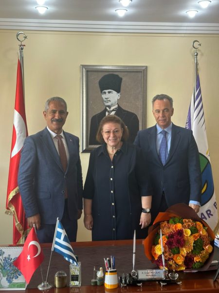 Η Υπουργός Πολιτισμού Λίνα Μενδώνη με τον Δήμαρχο Αdalar (Πριγκιποννήσων) Ercan Akpolat και τον Γενικό Πρόξενο στην Κωνσταντινούπολη Πρέσβη Κωνσταντίνο Κούτρα
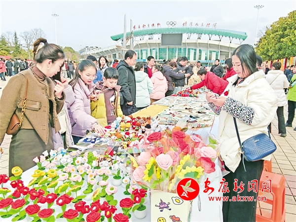 今年春節(jié)期間,胡運翠接到了漢濱區(qū)文化館的電話,邀請她去金州廣場非遺展示區(qū),展示她的手工編織作品,同她的作品一同列入展示的還有花饃、糖畫、手工竹節(jié)人等。她精心準備了許多手工編織品,在金州廣場右側,胡運翠的攤位前圍滿了小朋友,他們被這些栩栩如生的小動物深深吸引,紛紛拉著家長購買。胡運翠一邊熱情地向顧客介紹自己的作品,一邊現(xiàn)場編織,嫻熟的手法引得眾人連連稱贊。
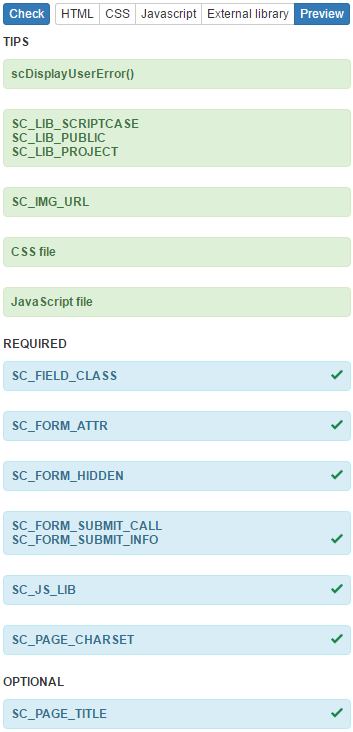 These Markups are of obligatory use in the item HTML. If they are not used, certain internal Scriptcase routines will not be executed.
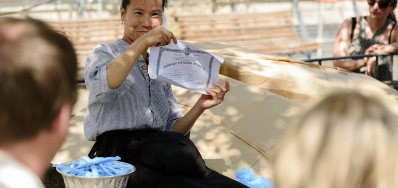 Les performances de Socheata Aing résultent d’un mélange d’éléments harmonieusement combinés, que la pratique de l’écriture vient irriguer en profondeur. L’artiste nourrit chaque nouvelle performance d’un récit, très souvent personnel, (…)
--------------------
* Aim of the exercise:
Word for word, reproduce all of the data, but keep out the pictures.

* Output below:
 Η Υπουργός Πολιτισμού Λίνα Μενδώνη με τον Δήμαρχο Αdalar (Πριγκιποννήσων) Ercan Akpolat και τον Γενικό Πρόξενο στην Κωνσταντινούπολη Πρέσβη Κωνσταντίνο Κούτρα
 今年春節(jié)期間,胡運翠接到了漢濱區(qū)文化館的電話,邀請她去金州廣場非遺展示區(qū),展示她的手工編織作品,同她的作品一同列入展示的還有花饃、糖畫、手工竹節(jié)人等。她精心準備了許多手工編織品,在金州廣場右側,胡運翠的攤位前圍滿了小朋友,他們被這些栩栩如生的小動物深深吸引,紛紛拉著家長購買。胡運翠一邊熱情地向顧客介紹自己的作品,一邊現(xiàn)場編織,嫻熟的手法引得眾人連連稱贊。
 These Markups are of obligatory use in the item HTML. If they are not used, certain internal Scriptcase routines will not be executed.
 Les performances de Socheata Aing résultent d’un mélange d’éléments harmonieusement combinés, que la pratique de l’écriture vient irriguer en profondeur. L’artiste nourrit chaque nouvelle performance d’un récit, très souvent personnel, (…)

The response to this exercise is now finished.